How Digital twin technology can be leveraged in insurance industry
Digital Twin technology has been around for decades. The concept is believed to have its origin at NASA when simulations were carried out to bring back the Apollo 13 astronauts. Gartner defines digital twin as a digital representation of a real-world entity
or system. Simulations of what-if scenarios can be performed on this digital/virtual copy of the asset in deriving at the next-best action. Machine Learning models can perform predictive and prescriptive analytics on this digital copy which can then be applied
back to the actual asset. Manufacturing industry has been harnessing the benefits of Digital Twin for decades. Insurance sector can also benefit enormously by leveraging Digital Twin Technology. Recent catastrophic losses in US had an overall negative impact
on P&C insurance. Combined Ratio has not been good for P&C insurers in 2022. The impact is due to the increased repair cost and the supply chain disruptions created during the pandemic. When most of us stopped commuting to work, beginning of the pandemic insurers
had also refunded to its policy holders.
Insurance industry has always been a data rich sector, enormous amount of data is collected during the rating, underwriting and claim process at different stages of policy’s life cycle. With the Digital Twin technology, insurers can apply artificial intelligence
and machine learning to simulate “what-if” scenarios on data in insurers landscape. This aids in making data driven decisions. The favorable next best action can then be applied on the actual process for providing recommendations or improvements.

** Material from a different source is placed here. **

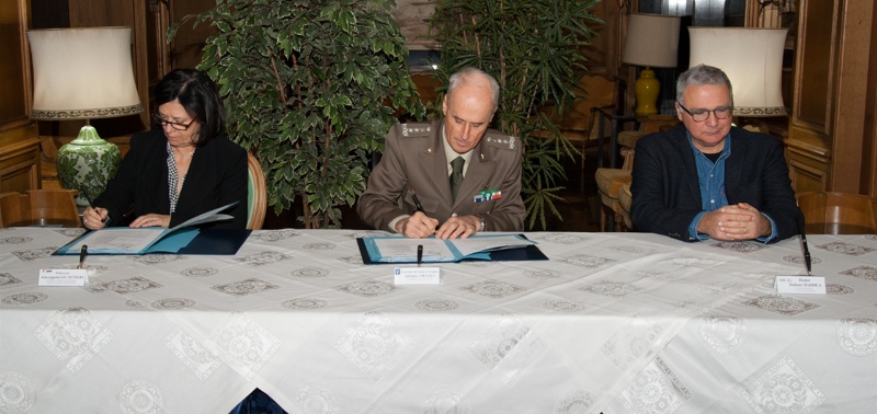 Il Comandante Logistico dell'Esercito, Generale di Corpo d'Armato Adriano Vieceli, il Direttore Generale di Ferrovie Emilia Romagna, Dr. Stefano Masola, e il Presidente e Amministratore Delegato di Trasporto Passeggeri Emilia Romagna, Dott.ssa Giuseppina Gualtieri, hanno sottoscritto, presso la Sala Convegno Ufficiali "Pio IX" di Roma, una nuova Convenzione per la formazione e l'addestramento operativo del personale militare attraverso l'impiego sui veicoli che operano su strutture e reti ferroviarie italiane.

Here are some ways how P&C insurers can address current challenges and benefit from Digital Twin Technology-
Fraud detection: Fraud detection helps in reducing insurers loss ratio. Fraud occurs in about 10% of property-casualty insurance losses in US (
1 source: insurancefraud.org). Using the Machine Learning algorithms on historic data, insurers can check the inflated claim amount by policyholders. For example, when there is a claim for replacement of
an automobile part, ML model can let us know if the part can be repaired versus replaced. The images of prior similar losses can be accessed by the Machine learning model to derive at this conclusion. In the event of recent catastrophic claims, AI/ML models
can also flag the fraudulent claims filed by a policy holder who is not in the disaster zone.
Claims: Digital Twin can aid in reducing the overall claims settlement cycle time. ML models can identify the delay in the process and simulations can help in fixing the inefficiencies. Effective utilization of the claims data available within the
insurers data ecosystem can also help to process the low impact and high frequency claims quicker. It can also speed up claims processing through simulation of accident scenario, assessing impact to the property which reduces the time to investigate. All these
can aid in improving the overall operational efficiency of the insurer.
Customer retention: Insurance product has become a commodity. Existing policyholders can shop around and switch to competitors in few minutes based on just the pricing. In US, average retention rate in insurance industry is 84%. It costs seven to
nine times more for insurers to attract a new customer than to retain the existing customers. (2 source:
Independent Insurance Agents of Dallas). Historic retention data can help the digital twin to identify customers who are more likely to churn using ML models. A customer who had a pleasant experience during his claims process has more propensity to renew
his policy when compared to a dissatisfied customer. Factors like increase in premium during the policy holder’s tenure, Customer lifetime value can be utilized by the model to predict if the customer will renew their policy. Digital Twin can derive a propensity
score of the existing policyholders and provide recommendations as next best actions for retention. This will increase the overall renewal rate for an insurer.
Customer satisfaction: All roads lead to Rome. Fraud detection, customer retention, improvement in claims processing aims to improve overall customer experience. Digital twin technology will help in predicting customer behavior and enabling high
gain customer interactions. Machine learning algorithm can enable the customer centric product design with the effective usage of historic data. A product can be priced rightly or further analyzed to understand why it did not perform well in the market. This
will enable successful launching of the new product with the insights of the buyer habits and risk profile.
Marketing and Sales: Existing data in the insurer landscape can be leveraged to find the cross-sell upsell opportunity. This will increase revenue for the insurers through cross sell and upsell. ML models can tap into the existing customer datasets,
their buying patterns and other touch points to identify a cross-sell upsell opportunity. Main challenge for an insurer is that majority of the quote does not get converted to a policy. Based on the historic data, twins can identify the gaps and provide insights
to increase the quote to policy conversion ratio.
Today, there are many solutions based on digital twin technology that are readily available in the market which insurers can procure to realize the benefits. Tapping into digital twin technology will provide insurers competitive edge along with improved
KPIs. Digital twin technology can be leveraged for achieving a hyper personalized customer service, simulation of customer personas, profitability and topline growth.